• **Required action**: Which lines below fall between the one containing "除了这三个主要攻击活动外,研" and the one containing "Owalny naszyjnik z"? Repeat them exactly, counting both of those lines, and add nothing else.

***** Available records *****

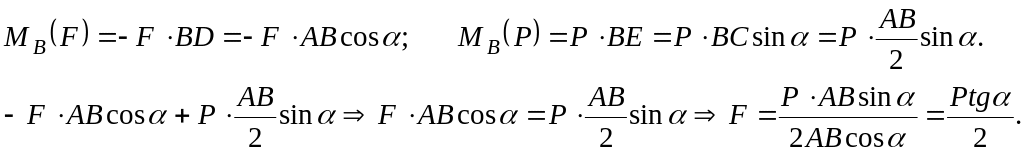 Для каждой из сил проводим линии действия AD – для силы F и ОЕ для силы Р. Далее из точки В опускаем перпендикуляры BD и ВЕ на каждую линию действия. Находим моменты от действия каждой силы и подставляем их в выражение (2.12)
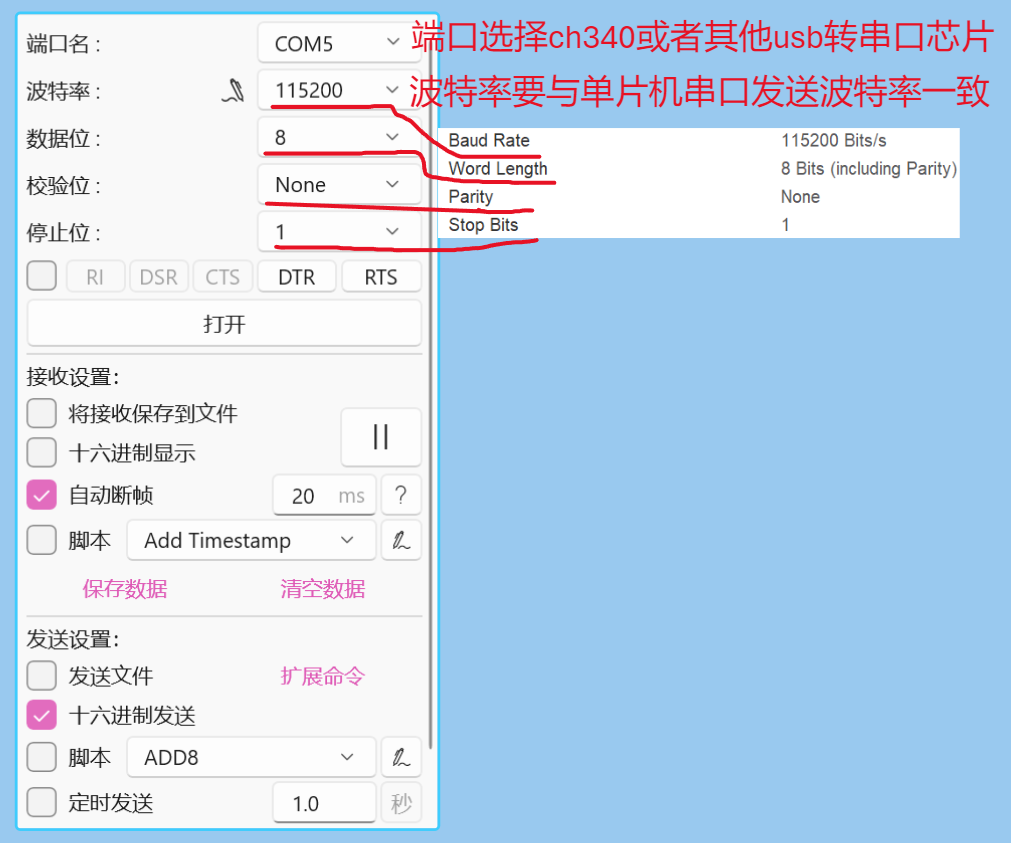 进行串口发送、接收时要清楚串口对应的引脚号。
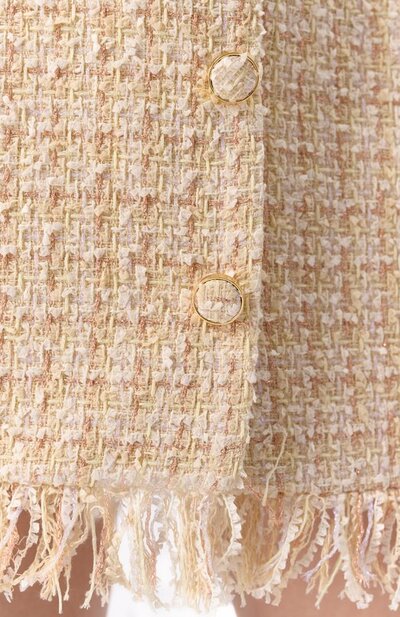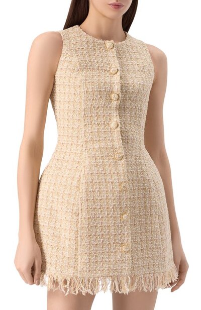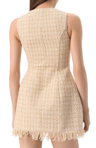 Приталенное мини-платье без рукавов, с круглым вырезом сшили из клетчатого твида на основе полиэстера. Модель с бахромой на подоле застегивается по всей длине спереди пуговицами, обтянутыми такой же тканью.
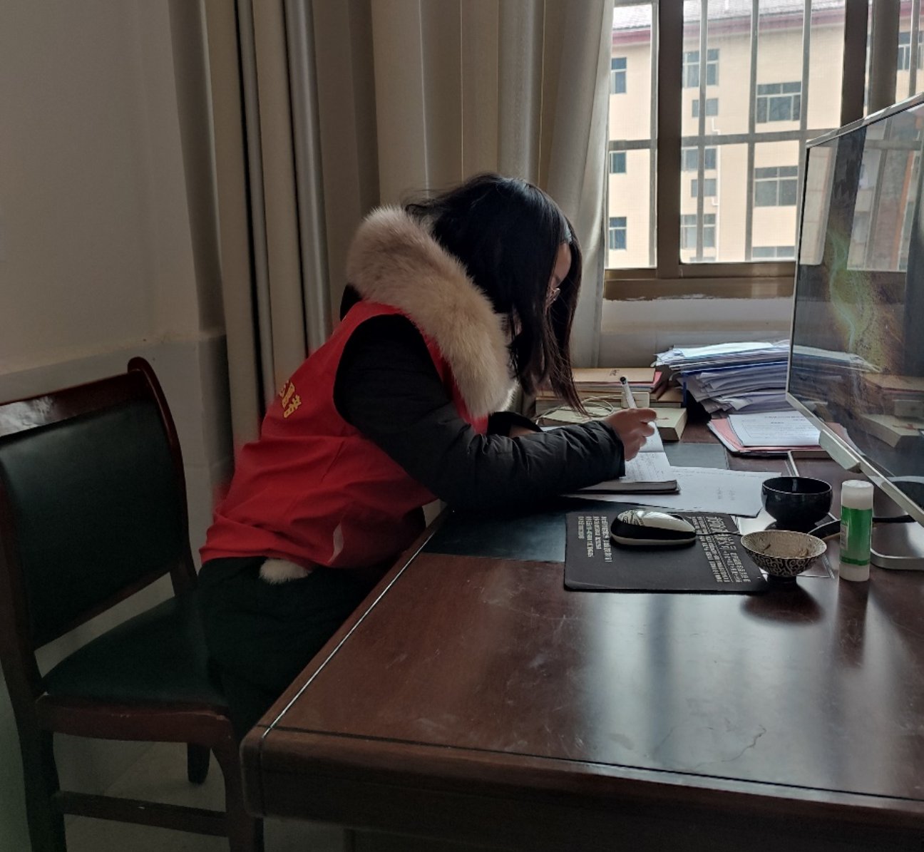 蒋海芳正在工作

*****
***** Available records *****

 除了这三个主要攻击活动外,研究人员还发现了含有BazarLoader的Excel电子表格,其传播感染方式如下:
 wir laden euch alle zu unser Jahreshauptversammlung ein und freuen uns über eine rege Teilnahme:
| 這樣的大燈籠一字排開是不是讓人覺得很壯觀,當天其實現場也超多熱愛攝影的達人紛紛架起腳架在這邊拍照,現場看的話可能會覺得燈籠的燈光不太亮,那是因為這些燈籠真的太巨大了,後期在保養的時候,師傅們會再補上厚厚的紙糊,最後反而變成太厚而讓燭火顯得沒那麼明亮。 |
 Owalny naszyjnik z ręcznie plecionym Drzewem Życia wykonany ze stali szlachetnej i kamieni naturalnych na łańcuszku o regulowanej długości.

*****
***** Available records *****

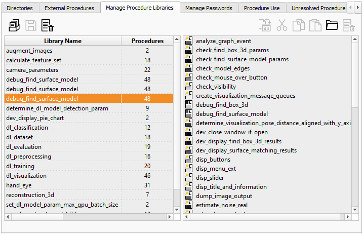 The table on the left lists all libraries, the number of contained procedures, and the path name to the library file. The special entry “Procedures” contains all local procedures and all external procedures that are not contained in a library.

*****

• **Answer for this exercise**:
 除了这三个主要攻击活动外,研究人员还发现了含有BazarLoader的Excel电子表格,其传播感染方式如下:
 wir laden euch alle zu unser Jahreshauptversammlung ein und freuen uns über eine rege Teilnahme:
| 這樣的大燈籠一字排開是不是讓人覺得很壯觀,當天其實現場也超多熱愛攝影的達人紛紛架起腳架在這邊拍照,現場看的話可能會覺得燈籠的燈光不太亮,那是因為這些燈籠真的太巨大了,後期在保養的時候,師傅們會再補上厚厚的紙糊,最後反而變成太厚而讓燭火顯得沒那麼明亮。 |
 Owalny naszyjnik z ręcznie plecionym Drzewem Życia wykonany ze stali szlachetnej i kamieni naturalnych na łańcuszku o regulowanej długości.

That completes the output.